La stratégie américaine en Amérique latine
En alternant pressions militaires, menaces d’intervention et tentatives de diversion (on parle même d’un appel téléphonique avec Maduro), Donald Trump relance la présence militaire américaine dans l’«arrière-cour» des Etats-Unis.
Pour lui et Hegseth, l’interventionnisme contre les narcotrafiquants, ou les présumés narcotrafiquants, sert à réaffirmer la stratégie de primauté du Pentagone dans ce qu’il appelle «l’hémisphère occidental», une stratégie mise en avant par le Pentagone. Il sert également à consolider la rupture de l’administration avec le multilatéralisme et à renforcer l’idée d’une Amérique-forteresse, prête à frapper toute menace contre sa sécurité et celle de sa population. De plus, la militarisation de la mer des Caraïbes constitue un moyen de dissuasion face à la Chine et à la Russie, dont l’influence ne cesse de croître en Amérique latine. L’Amérique veut apparaître comme un empire qui a renoué avec la force, mais son élite politique est divisée. Les précédents d’un interventionnisme désastreux et le césarisme d’une administration qui contourne fréquemment le Congrès ont réactivé le rôle des contre-pouvoirs de Washington. Pete Hegseth devra désormais rendre des comptes.
«Au-delà du seul cas Hegseth, l’affaire révèle les fractures profondes qui traversent Washington face à une politique de sécurité de plus en plus agressive», précise un expert européen.

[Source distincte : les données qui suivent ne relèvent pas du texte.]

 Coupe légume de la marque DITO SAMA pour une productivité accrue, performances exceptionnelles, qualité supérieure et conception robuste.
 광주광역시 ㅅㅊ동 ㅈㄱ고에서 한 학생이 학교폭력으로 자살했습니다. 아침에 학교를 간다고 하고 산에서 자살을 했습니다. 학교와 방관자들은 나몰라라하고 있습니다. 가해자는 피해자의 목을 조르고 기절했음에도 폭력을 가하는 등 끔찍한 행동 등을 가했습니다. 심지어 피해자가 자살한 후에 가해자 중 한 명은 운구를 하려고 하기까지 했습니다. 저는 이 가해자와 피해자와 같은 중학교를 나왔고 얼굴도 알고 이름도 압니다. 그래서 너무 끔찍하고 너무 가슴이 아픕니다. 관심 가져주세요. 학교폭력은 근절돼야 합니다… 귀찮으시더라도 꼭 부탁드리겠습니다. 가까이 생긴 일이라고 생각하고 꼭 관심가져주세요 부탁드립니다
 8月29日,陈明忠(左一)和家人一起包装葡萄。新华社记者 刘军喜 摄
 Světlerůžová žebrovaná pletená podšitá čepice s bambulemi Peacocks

Reste à savoir si cet examen sans précédent ouvrira la voie à une remise en question de la stratégie américaine dans la région, et au-delà.

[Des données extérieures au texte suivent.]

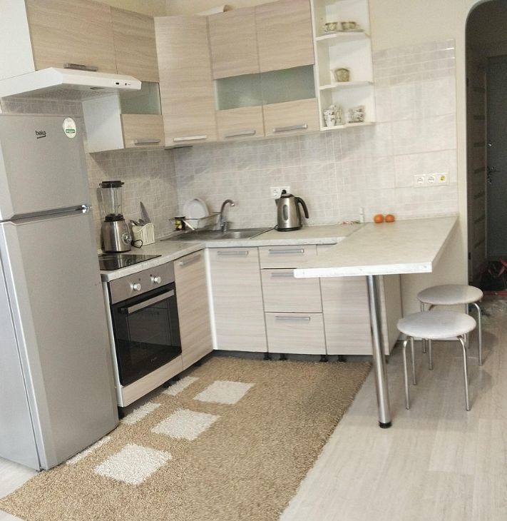 В квартире выполнен современный ремонт, есть вся необходимая мебель: кухня полностью оборудована, в комнате также установлена мебель. Из техники имеются холодильник, посудомоечная и стиральная машины, Духовой шкаф.Просторная ванная комната оснащена ванной.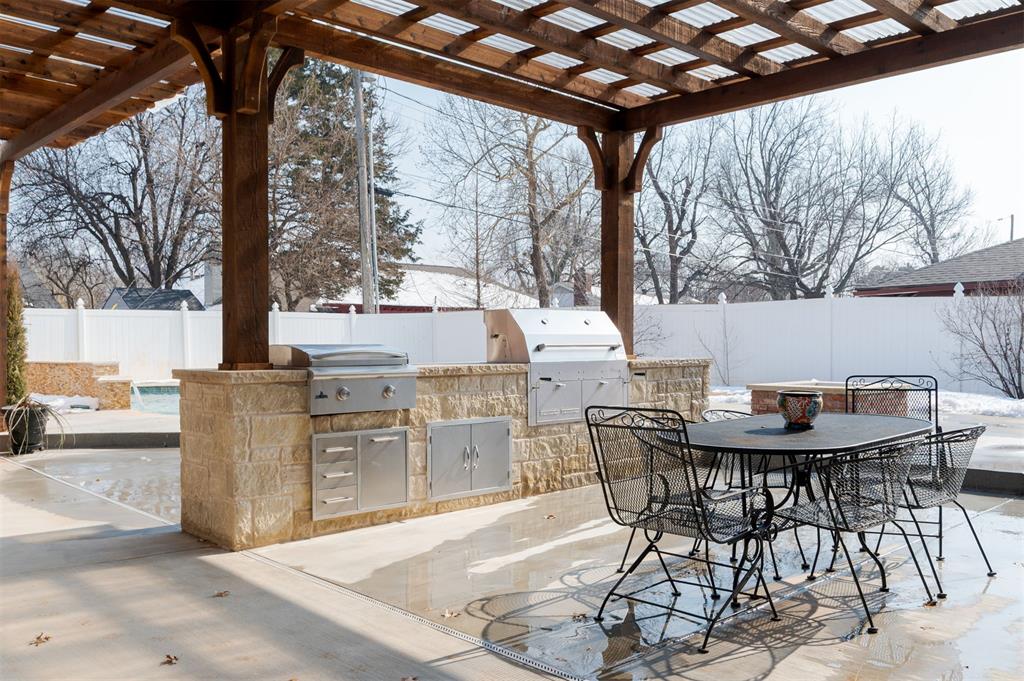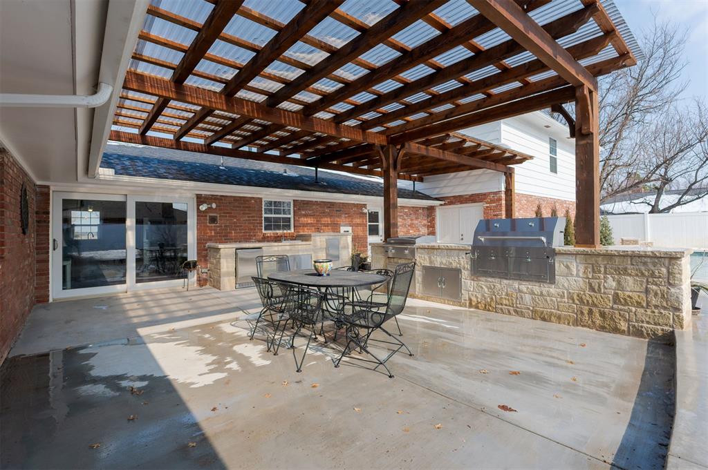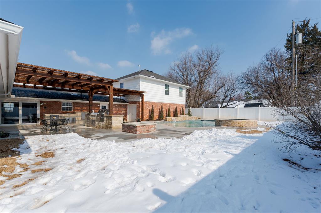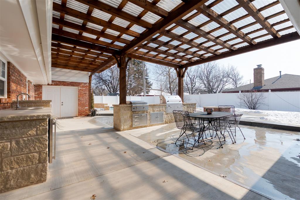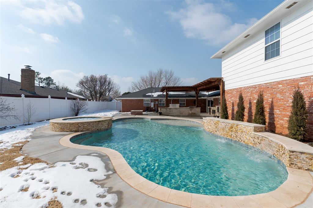 GORGEOUS NEW POOL & OUTDOOR KITCHEN | PRIME WILSHIRE ESTATES LOCATION NEAR LAKE HEFNER. Welcome to this beautiful Wilshire Estates home, ideally situated just moments from Lake Hefner and the beloved Kids Lake. Offering the ideal balance of open gathering spaces and private retreats, this spacious 4-bedroom, 4-bath residence delivers exceptional living inside and out. Step inside to an abundance of natural light and thoughtful updates and expansions. Large windows frame lovely views of Lake Hefner and the sparkling new pool. The back yard is truly an entertainer's dream. In addition to the new pool and spa, the outdoor oasis features the pergola-covered kitchen complete with Hasty Bake charcoal grill, Blaze gas grill, refrigerator, sink, generous prep space, and an extended patio for cozying up to the new gas fire pit. Inside, the remodeled kitchen is designed for both everyday living and entertaining, complete with granite counters, 5-burner gas cooktop, double built-in ovens, pull-out drawers, and an island for casual seating. The den features a stylish wet bar with wine fridge, ice maker, display shelves, and ample storage. The flexible floor plan provides privacy and comfort, with the primary suite and an additional bedroom suite downstairs, while upstairs bedrooms three and four share a Jack-and-Jill bath with private vanities. Every bedroom, bath, and closet is generously sized. Additional highlights include updated electrical wiring and panel, additional insulation throughout, built-ins and storage; engineered wood and tile flooring (no carpet); a sunny sitting nook at the top of the stairs; side-entry garage with extra 9x28 storage closet; and additional parking spaces. This home blends comfort, style, and outdoor living. Schedule your private showing today.

Cette affaire alimente les accusations de deux poids, deux mesures et fragilise la crédibilité morale que les États-Unis revendiquent sur la scène internationale. Le contraste entre la fermeté affichée envers Moscou (sur le conflit en Ukraine) et les pratiques contestées dans leur sphère d’influence nourrit l’idée d’un double standard, donnant prise aux critiques de leurs adversaires comme de certains alliés, notamment européens. Pour conclure, l’enquête dira aussi si Washington peut aligner ses principes et ses actes.